An emotionally rich drama about an immigrant to 1950s America, Brooklyn is a film with a sure touch. The story concerns Eilis Lacey, a young woman coming of age in a small Irish town, and played by Saoirse Ronan. Miserable in her part-time job at a grocery, with a mean and spiteful boss, and with no prospects in sight, she gets an offer from a priest, a friend of the family living in New York played by Jim Broadbent, to come to the U.S., where he can help her to get an education and find work. She is encouraged to take the offer by her beloved older sister, who is employed and content to stay and take care of their aging mother. Unaware of how difficult this move will really be, Eilis makes the passage across the Atlantic, where she finds herself living in a Brooklyn boarding house and working as a department store sales clerk, all the while suffering an agony of homesickness.
Adapted by Nick Hornby from a novel by Colm Toibin, and directed by John Crowley, the film avoids sentimentality and melodrama, instead focusing our interest on the subtle changes within the heart and mind of its young heroine. Brooklyn is about the meaning of home, and how that meaning can change with time and experience. And it is blessed with a luminous performance from its lead actress. Saoirse Ronan has been a striking presence in movies since she was 13, nominated for an Oscar for her supporting role in Atonement, and then starring in The Lovely Bones, the thriller Hanna, and other parts. I was never sure what all the fuss was about in these juvenile roles, but now at 21 in this, her first adult part, her acting has the impact of a revelation. She conveys Eilis’ fear, love, hope, insecurity, grief, passion and growing self-realization with seemingly effortless skill and grace.
Crowley and his production designers create a strong feeling for the 1950s, a conservative time that seems so long ago, while maintaining a connection with characters whose thoughts and feelings are very much like out own. Julie Walters is on hand as the proprietress of the boarding house, reacting with sharp disdain towards the easy manners of the other girls living there with statements such as “giddiness is the eighth deadly sin.” The recurring scenes at the dinner table are an amusing motif.

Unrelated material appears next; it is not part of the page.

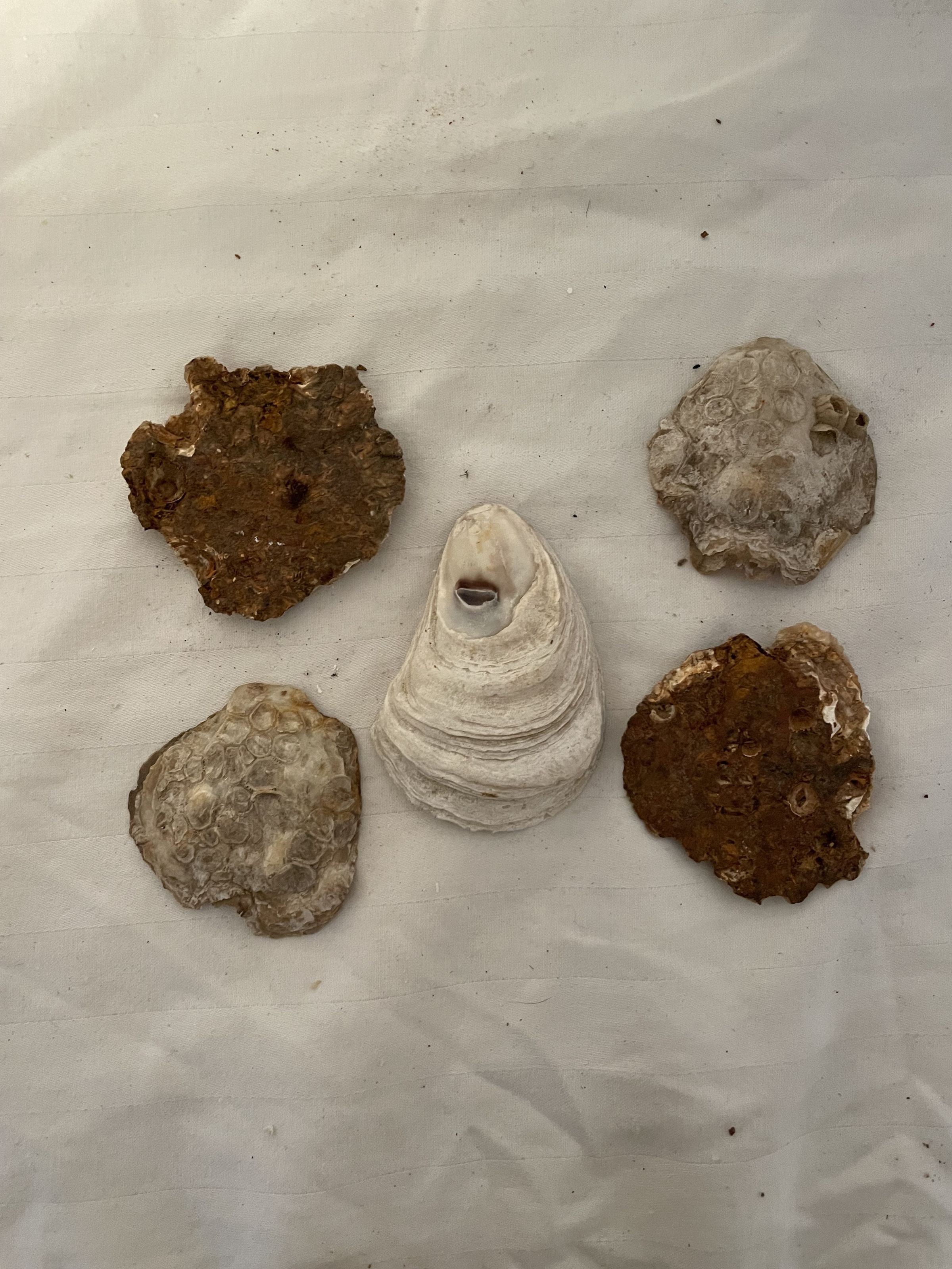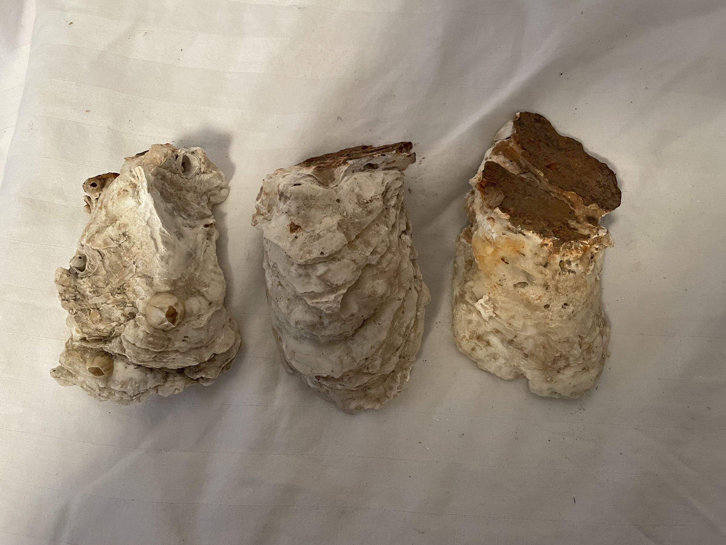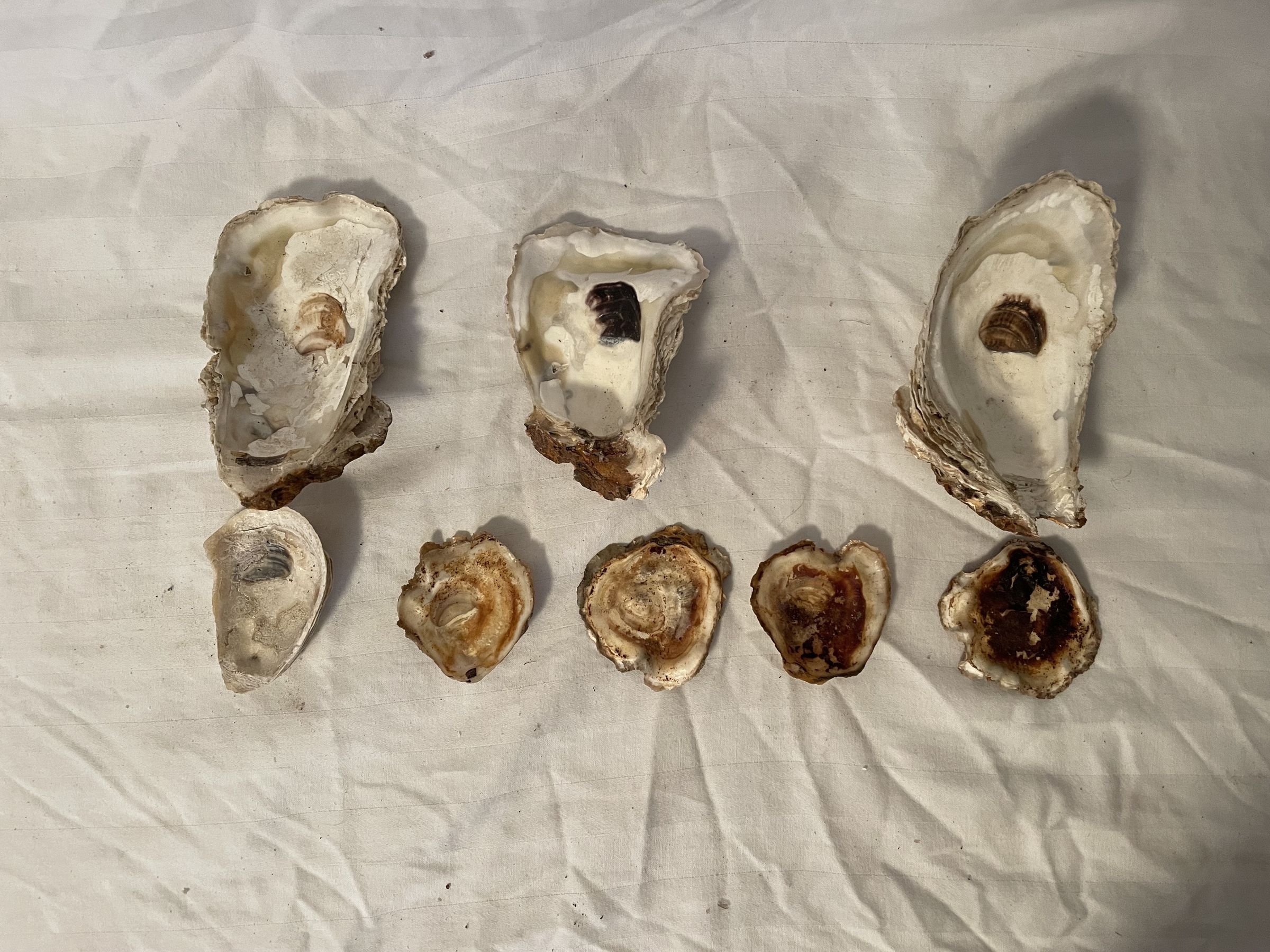 A collection of eight oyster shells collected from the bottom of SS America. Some of the shells have extreme rust. There are many sizes of shells, three large and five medium shells

Eilis eventually draws the attention of a sweet young Italian-American played by Emory Cohen. The romance is awkward but sincere. The interesting central conflict of the film occurs when circumstances force Eilis to go back to Ireland on a visit. It turns out there is much to attract her there, and so she must make a choice between the new life and the old, and ultimately confront the changes that have happened within her since leaving Ireland. It’s a tribute to all involved that we’re not sure what choice she will make.
The sadness, the joy, and the hard-won wisdom of life come together in Brooklyn. It left a warm glow in my heart.